Pancasila di era globalisasi merupakansebuah pegangan sekaligus
pedoman hidup yang dapat menjadi jawaban atas tantangan baru yang
dihadapi bangsa ini. Arus informasi yang semakin cepat sehingga paham-
paham dunia barat sangat mudah diakses oleh masyarakat Indonesia.
Liberalisme yang dianut oleh dunia barat kini merambat ke tengah-tengah
masyarakat Indonesia sebagai dampak negatif globalisasi.
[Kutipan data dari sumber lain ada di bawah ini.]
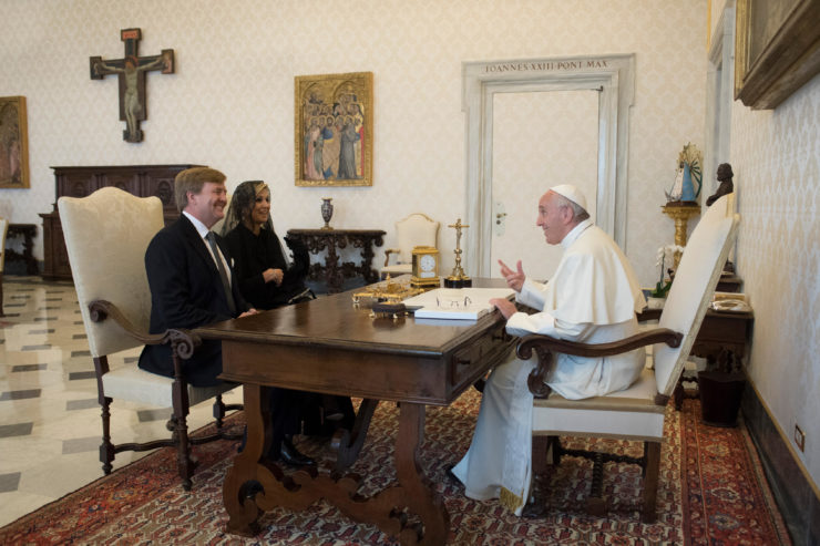 E’ stato il terzo incontro tra papa Francesco e la coppia reale. A spiegare la certa complicità che si è instaurata potrebbe essere il fatto che la regina non solo è cattolica ma inoltre argentina, nata del resto a Buenos Aires, come il Pontefice. Il re invece è protestante, come vuole la tradizione della Casa degli Orange-Nassau.

Ideologi Pancasila sebenarnya dapat menyesuaikan diri dengan
perkembangan zaman, hanya saja nilai-nilai yang terkandung didalamnya
tidak terjiwai oleh masyarakat Indonesia itu sendiri. Sehingga paham
liberalis dan radikalis dapat dengan mudahnya menembus pemikiran
bangsa ini. Banyak yang berpandangan bahwa Pancasila identik dengan
Orde baru (Orba), maka setelah runtuhnya Orba nilai luhur Pancasila juga
ikut runtuh.
Tidak bisa dipungkiri bahwa pemuda adalah aset bangsa yang sangat
berharga. Masa depan negeri ini bertumpu pada kualitas mereka. Namun
ironisnya, kini tidak sedikit para pemuda yang justru menjadi pelaku
terorisme dan radikalisme. Serangkaian aksiterorisme dan radikalisme mulai
dari bom Bali-1, bom Gereja Kepunton, bom di JW Marriot dan Hotel Ritz-
Carlton, hingga aksi penembakan Pos Polisi Singosaren di Solo dan bom di
Beji sertaTambora, melibatkan para pemuda. Sebut saja, Dani Dwi
Permana, salah satu pelaku bom di JW Marriot dan Hotel Ritz-Carlton, yang
saat itu berusia 18 tahun dan baru lulus SMA.
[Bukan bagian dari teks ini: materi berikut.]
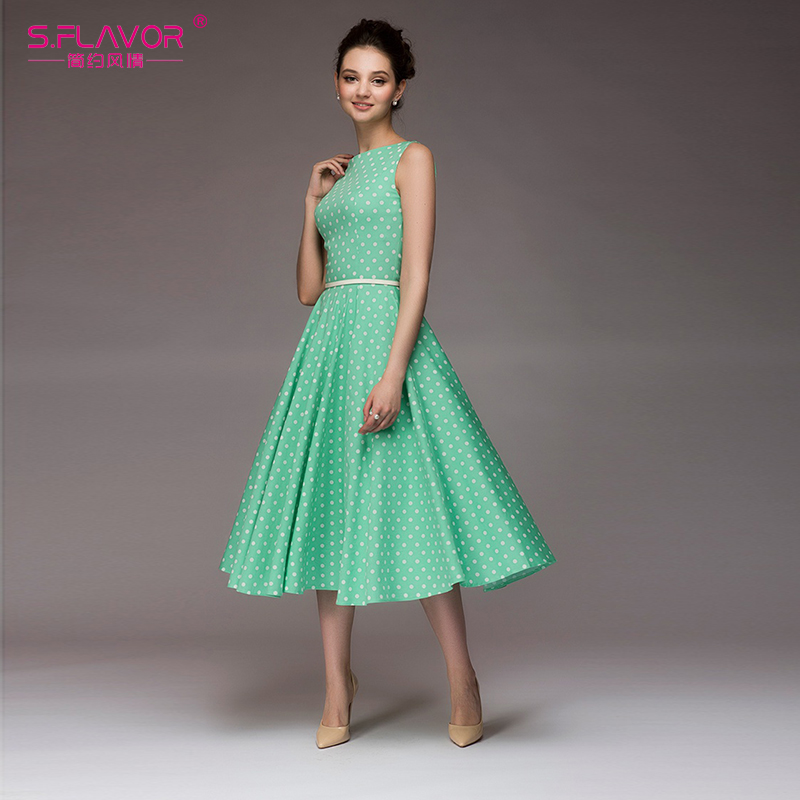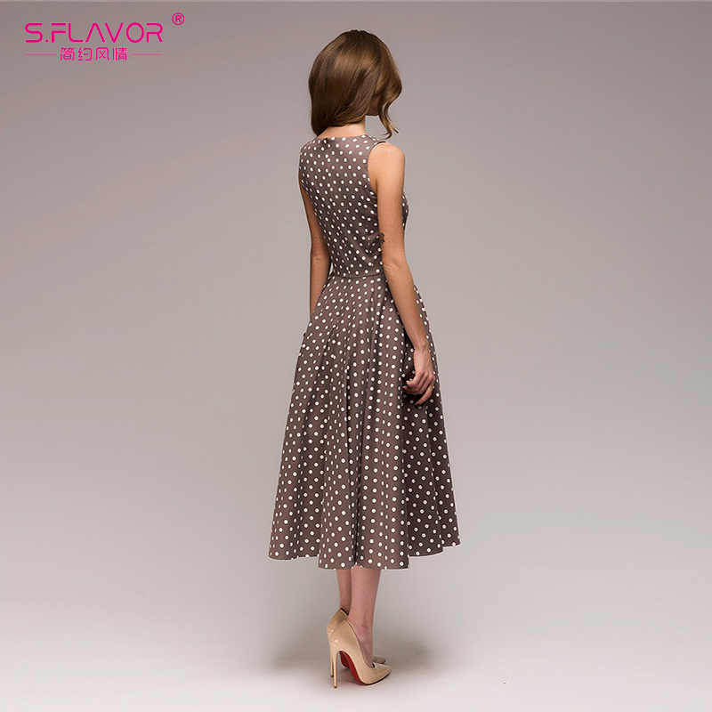 FREE SHIPPING Women Vintage Dress Sleeveless O-neck Dot Printing Dress JKP3399

Fakta di atas diperkuat oleh riset yang dilakukan Lembaga Kajian Islam dan
Perdamaian (LaKIP). Dalam risetnya tentang radikalisme di kalangan siswa
dan guru Pendidikan Agama Islam (PAI) di Jabodetabek, pada Oktober
2010-Januari 2011, LaKIP menemukan sedikitnya 48,9 persen siswa
menyatakan bersedia terlibat dalam aksi kekerasan terkait dengan agama
dan moral. Bahkan yang mengejutkan, belasan siswa menyetujui aksi
ekstrem bom bunuh diri tersebut.
Apapun faktor yang melatari, adalah tugas kita bersama untuk membentengi
mereka dari radikalisme dan terorisme. Untuk membentengi para pemuda
dan masyarakat umum dari radikalisme dan terorisme, Badan Nasional
Penanggulangan Terorisme (BNPT), menggunakan upaya pencegahan
melalui kontra-radikalisasi (penangkalan ideologi).
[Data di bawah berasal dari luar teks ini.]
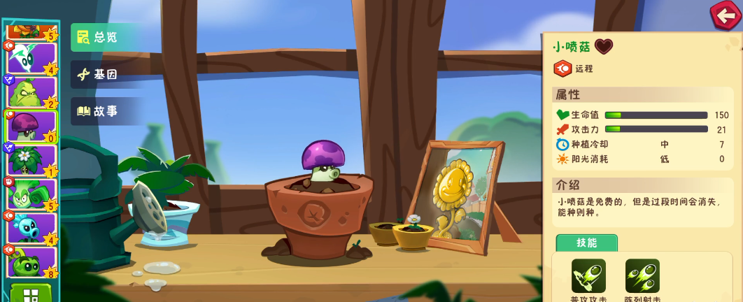 這是一種免費(fèi)植物,過段時(shí)間就會消失。普攻對右側(cè)1行噴射5次孢子流,對距離最近的單位造成75%傷害。技能使用后,在場的全部小噴菇一起發(fā)射孢子流,對命中的1個(gè)單位打出100%傷害。

Menyaring informasi yang didapatkan juga merupakan salah satu cara yang
dapat dilakukan untuk mencegah pemahaman radikalisme dan tindakan
terorisme. Hal ini dikarenakan informasi yang didapatkan tidak selamanya
benar dan harus diikuti, terlebih dengan adanya kemajuan teknologi seperti
sekarang ini, di mana informasi bisa datang dari mana saja.